I once interviewed ten patients who were dying of cancer.
They knew they were dying and responded to the certainty of the end of their
life. Those who were born again Christians were much less anxious about the
future than those who were not born again. Some of those who lacked faith
were panicked about the future.
It is interesting that our spiritual defining moment can
come at anytime in our life. It may occur at any age from five to the
moments before our death. I once made the statement that God did not save
many people after 65. During the next month I saw over 10 people who were
older than 65 come to know Him. One of them was my 79 year old mother. That
taught me a lesson. I should have known it because the scripture says that
all things are possible with God. Mother had always been religious and
thought she was a Christian in good standing. There was no doubt that she
was a church member in good standing. She belonged to the women’s groups,
she went to church regularly, was in a Sunday school class, and associated
with other church members. At home she was different. She acted like a
pagan. She was always angry, "bad mouthed" people and demonstrated few, if
any, fruits of the Spirit. One evening when my wife and I were visiting her,
our conversation focused on what it is like to be a real Christian. She
claimed she was, but when I asked her if she had ever given her life to
Christ and made him Lord and Master of her life, she could not answer
truthfully that she was. I said, "Then you are not a Christian." She
appealed to my wife asking her if she thought she was one. Elizabeth told
her she was not. She then got angry and attacked me verbally for a brief
time, but eventually wound down and got quiet. I asked her if she would like
to become a real Christian instead of a nominal one. After much hesitation
she said she would. We then explained the plan of salvation to her and asked
her to repeat a prayer with us. She did and was saved.

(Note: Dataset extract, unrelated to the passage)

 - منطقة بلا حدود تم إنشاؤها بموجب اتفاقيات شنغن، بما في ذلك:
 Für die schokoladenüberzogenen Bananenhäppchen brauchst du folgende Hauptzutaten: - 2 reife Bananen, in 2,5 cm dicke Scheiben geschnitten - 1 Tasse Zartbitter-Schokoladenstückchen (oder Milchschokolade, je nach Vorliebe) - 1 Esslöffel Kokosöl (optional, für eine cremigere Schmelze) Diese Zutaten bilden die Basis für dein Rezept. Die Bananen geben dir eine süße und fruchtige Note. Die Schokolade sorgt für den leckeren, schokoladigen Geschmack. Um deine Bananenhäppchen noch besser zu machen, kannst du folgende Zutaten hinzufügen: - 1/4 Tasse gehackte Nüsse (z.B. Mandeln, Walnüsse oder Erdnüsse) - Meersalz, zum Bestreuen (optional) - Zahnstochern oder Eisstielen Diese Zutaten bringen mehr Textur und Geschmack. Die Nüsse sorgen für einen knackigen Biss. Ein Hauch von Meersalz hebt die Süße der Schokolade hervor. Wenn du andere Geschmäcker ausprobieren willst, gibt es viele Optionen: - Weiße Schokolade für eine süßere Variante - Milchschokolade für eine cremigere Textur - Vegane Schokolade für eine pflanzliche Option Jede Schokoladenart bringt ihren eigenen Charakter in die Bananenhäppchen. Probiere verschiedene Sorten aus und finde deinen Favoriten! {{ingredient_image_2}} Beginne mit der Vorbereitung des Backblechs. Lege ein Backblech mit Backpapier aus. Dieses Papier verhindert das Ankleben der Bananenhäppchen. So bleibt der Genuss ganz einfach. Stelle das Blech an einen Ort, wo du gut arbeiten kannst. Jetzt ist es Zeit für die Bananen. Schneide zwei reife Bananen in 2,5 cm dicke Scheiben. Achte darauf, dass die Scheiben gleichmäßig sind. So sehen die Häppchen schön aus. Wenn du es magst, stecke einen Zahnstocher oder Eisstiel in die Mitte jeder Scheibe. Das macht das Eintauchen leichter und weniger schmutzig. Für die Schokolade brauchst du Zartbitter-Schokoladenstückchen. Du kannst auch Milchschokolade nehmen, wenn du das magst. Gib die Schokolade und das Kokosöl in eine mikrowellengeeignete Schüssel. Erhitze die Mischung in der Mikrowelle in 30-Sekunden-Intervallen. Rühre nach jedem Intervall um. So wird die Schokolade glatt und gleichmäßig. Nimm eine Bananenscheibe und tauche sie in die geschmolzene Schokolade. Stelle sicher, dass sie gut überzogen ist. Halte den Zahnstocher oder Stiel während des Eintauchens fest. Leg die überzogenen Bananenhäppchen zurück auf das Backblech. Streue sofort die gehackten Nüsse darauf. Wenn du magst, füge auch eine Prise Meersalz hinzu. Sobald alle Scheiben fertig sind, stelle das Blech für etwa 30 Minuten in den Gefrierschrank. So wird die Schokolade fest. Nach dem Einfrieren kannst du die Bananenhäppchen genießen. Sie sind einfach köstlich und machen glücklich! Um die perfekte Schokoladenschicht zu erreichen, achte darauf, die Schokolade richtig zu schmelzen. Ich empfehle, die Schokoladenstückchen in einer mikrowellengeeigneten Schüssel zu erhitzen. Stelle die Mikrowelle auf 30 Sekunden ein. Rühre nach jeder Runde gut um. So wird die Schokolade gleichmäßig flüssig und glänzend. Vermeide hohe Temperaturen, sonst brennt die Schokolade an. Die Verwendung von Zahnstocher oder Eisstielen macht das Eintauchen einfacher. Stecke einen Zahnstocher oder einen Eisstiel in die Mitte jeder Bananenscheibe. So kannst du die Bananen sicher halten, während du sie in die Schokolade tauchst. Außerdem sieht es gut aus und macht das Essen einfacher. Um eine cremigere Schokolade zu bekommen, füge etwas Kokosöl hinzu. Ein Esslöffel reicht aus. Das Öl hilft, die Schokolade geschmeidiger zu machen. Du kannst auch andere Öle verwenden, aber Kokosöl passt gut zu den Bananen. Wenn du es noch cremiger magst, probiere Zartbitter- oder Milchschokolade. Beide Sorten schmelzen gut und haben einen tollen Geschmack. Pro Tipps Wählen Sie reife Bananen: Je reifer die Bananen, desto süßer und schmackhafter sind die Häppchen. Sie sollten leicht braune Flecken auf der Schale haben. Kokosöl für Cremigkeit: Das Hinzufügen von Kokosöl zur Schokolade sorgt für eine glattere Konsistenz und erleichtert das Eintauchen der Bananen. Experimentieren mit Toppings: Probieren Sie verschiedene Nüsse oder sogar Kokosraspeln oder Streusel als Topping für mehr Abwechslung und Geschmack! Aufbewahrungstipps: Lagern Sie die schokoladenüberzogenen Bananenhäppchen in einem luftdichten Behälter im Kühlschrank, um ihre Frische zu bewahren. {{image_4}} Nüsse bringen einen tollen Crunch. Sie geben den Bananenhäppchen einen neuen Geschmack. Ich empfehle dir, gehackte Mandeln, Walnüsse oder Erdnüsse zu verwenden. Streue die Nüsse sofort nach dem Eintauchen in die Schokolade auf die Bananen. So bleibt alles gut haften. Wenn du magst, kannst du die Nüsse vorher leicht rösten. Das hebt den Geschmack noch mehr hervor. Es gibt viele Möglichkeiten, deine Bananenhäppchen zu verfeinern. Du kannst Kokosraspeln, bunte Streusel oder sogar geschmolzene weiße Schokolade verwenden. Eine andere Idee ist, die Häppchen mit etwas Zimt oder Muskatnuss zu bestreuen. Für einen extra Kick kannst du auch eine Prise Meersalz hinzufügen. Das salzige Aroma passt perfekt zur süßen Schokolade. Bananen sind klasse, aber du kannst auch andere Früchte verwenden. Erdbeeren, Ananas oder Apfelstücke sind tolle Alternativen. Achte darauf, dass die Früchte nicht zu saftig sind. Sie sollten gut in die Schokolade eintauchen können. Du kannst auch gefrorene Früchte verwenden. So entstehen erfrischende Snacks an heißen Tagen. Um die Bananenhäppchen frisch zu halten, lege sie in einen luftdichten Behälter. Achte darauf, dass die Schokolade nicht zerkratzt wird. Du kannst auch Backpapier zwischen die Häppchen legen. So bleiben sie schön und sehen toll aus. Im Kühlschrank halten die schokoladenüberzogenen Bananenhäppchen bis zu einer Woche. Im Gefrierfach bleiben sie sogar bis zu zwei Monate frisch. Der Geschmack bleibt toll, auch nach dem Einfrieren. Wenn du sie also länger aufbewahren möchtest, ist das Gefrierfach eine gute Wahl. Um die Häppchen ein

Mother’s salvation was the culmination of my father’s
prayers for her. My dad always knelt beside his bed at night and prayed for
15-20 minutes. When I became a Christian I asked what he was praying for. He
said it was not what, it was who. I then asked him who he was praying for.

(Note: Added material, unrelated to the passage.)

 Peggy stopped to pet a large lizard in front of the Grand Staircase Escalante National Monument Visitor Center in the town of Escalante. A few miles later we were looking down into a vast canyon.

He told me that he had been praying for me, my brother, and my mother. My
brother came to Christ after 42 years of prayer, I came after 44 years and
mother after 59 years. Perseverance in prayer is essential in some cases if
those that we want to know Christ are to have a defining moment.

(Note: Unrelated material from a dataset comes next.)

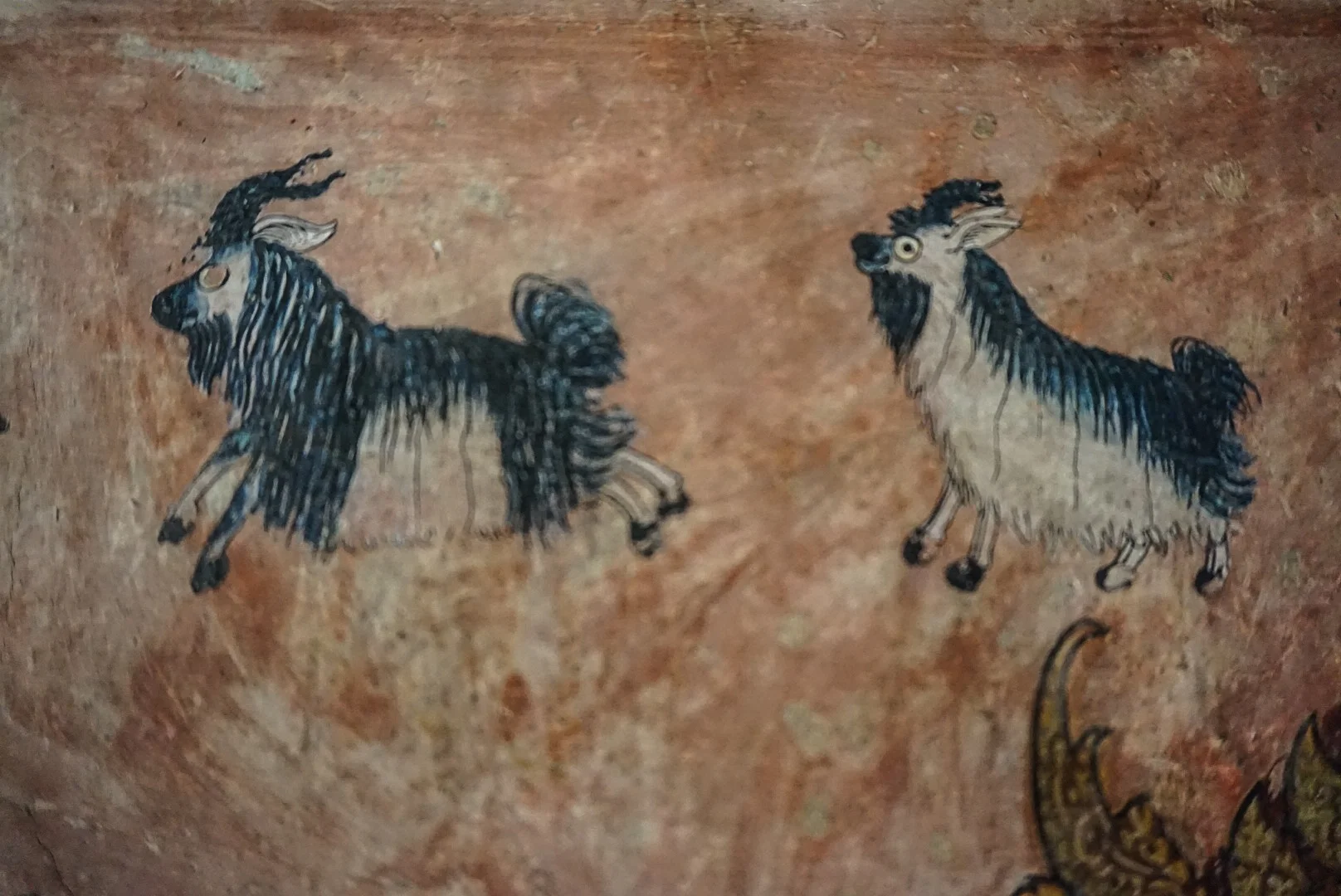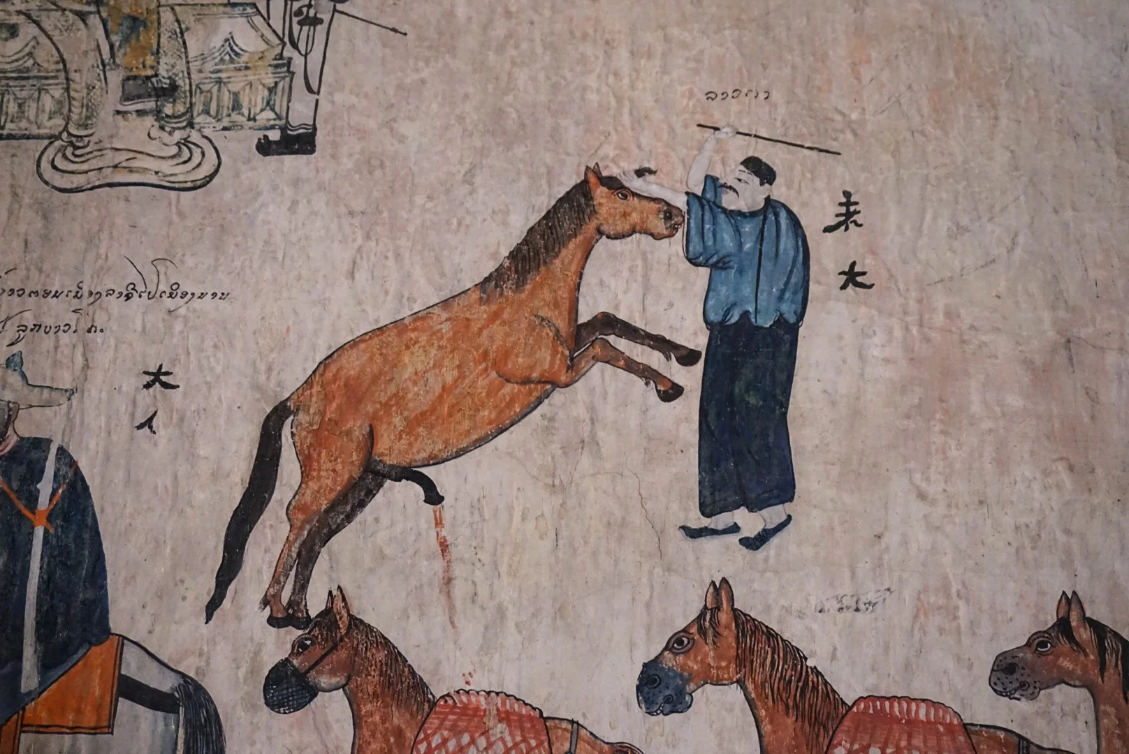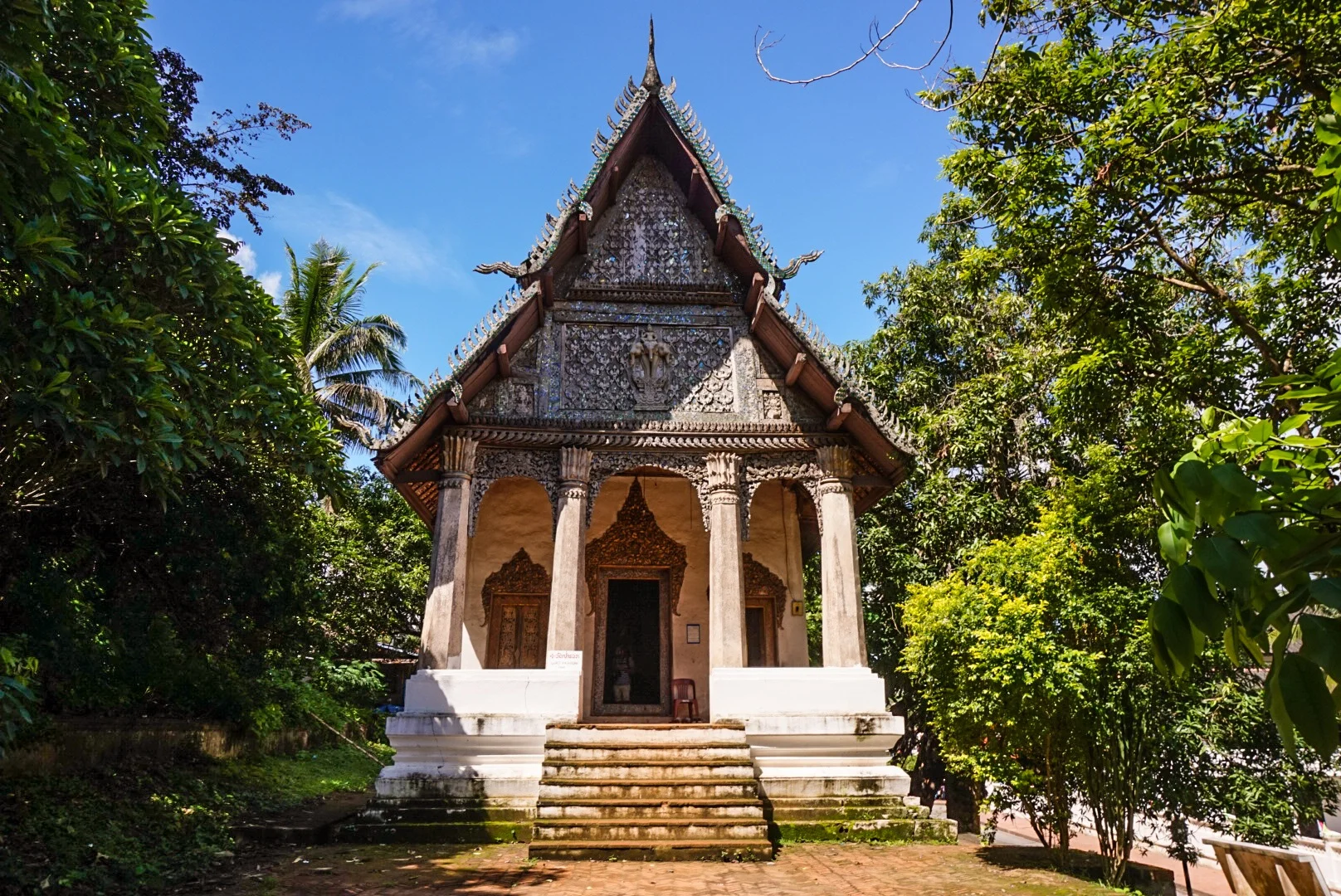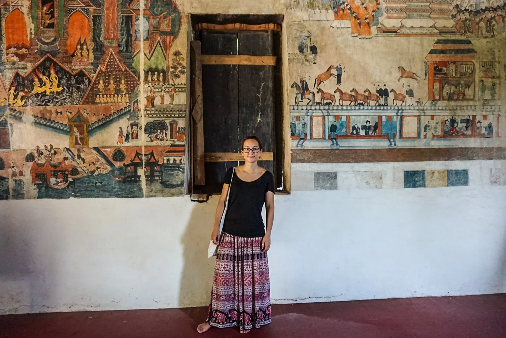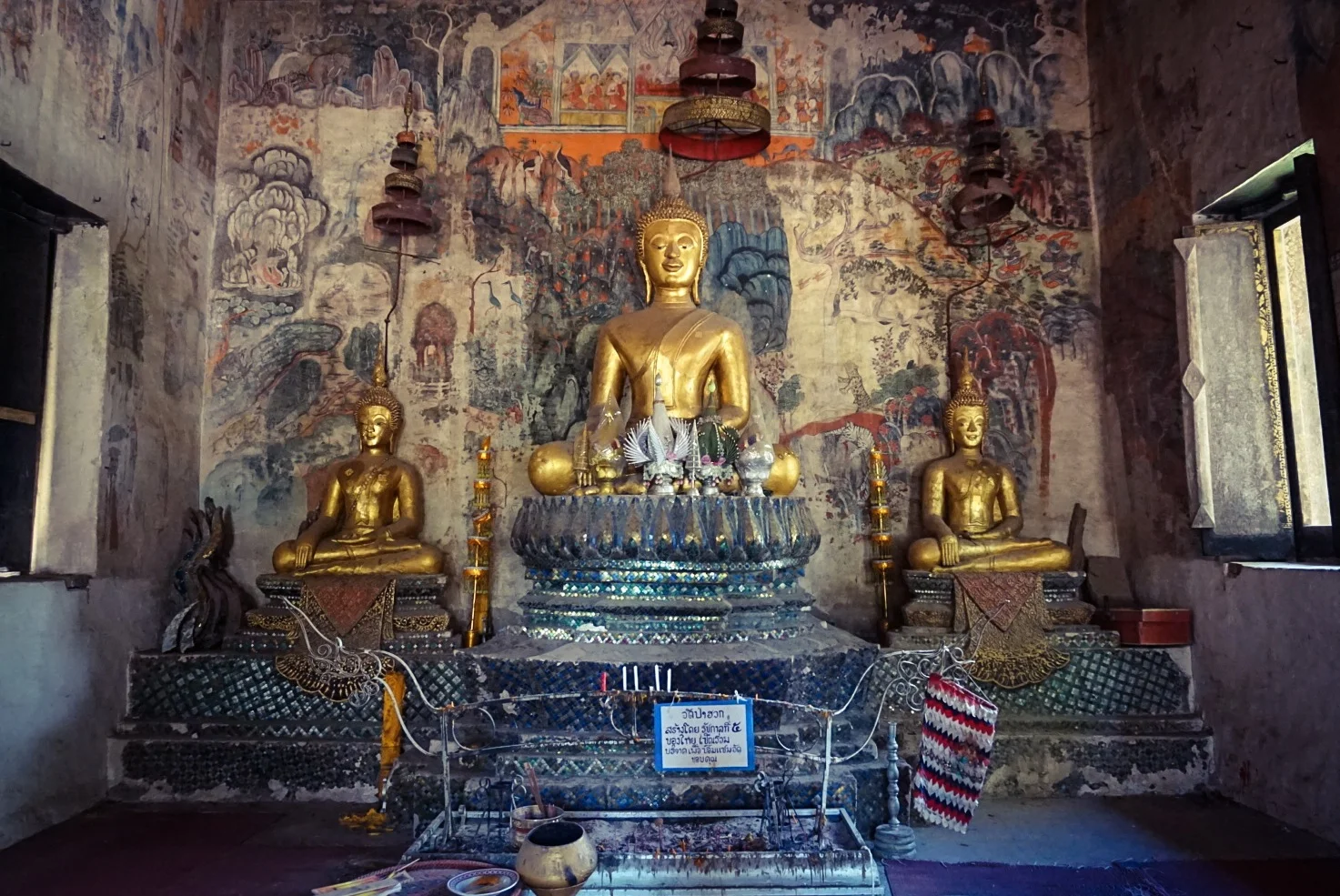 In the morning we rented bikes to make sure we squeezed everything in to our one day. It was bloody boiling, but cycling actually gave you a fair amount of breeze if you got up enough speed! We headed to Phu Si, a temple on the hill for excellent panoramic views of the town and the rivers. At the temple there were ladies selling the usual flowers, and offerings, but they also had something for sale we'd not seen before. Tiny birds in tiny bamboo cages, that you take to the top of the hill and release. We wondered if they caught them each morning to be released by worshippers throughout the day! On the way up to the temple was a small wooden temple that had amazing old paintings on the walls.

I have to say I was overjoyed that mother eventually had
her spiritual defining moment ten years before she died. She loved my father
who preceded her in death and I know that they are rejoicing together in the
Kingdom of God. My brother has joined them too and I will some day. The
defining moment of our salvation has eternal consequences and is, therefore,
the most important one of our life.
Knowing this, it is imperative that we have a passion for souls. We must
not let people merrily dance off to hell when we could be the person who
could keep them from going there. It is our job to be a witnesses for
Christ. Most people in our modern world are without God, without Christ and
without hope. They will tell us that they have problems if we ask them about
themselves, about their families or about their jobs. It has been said that
most people have a problem, live with a problem or are a problem. Since
Jesus is the answer to most people’s problems we should lovingly offer him
as the answer if we discern that he is the answer. If we are not moved to
offer Him we still can pray with or for them.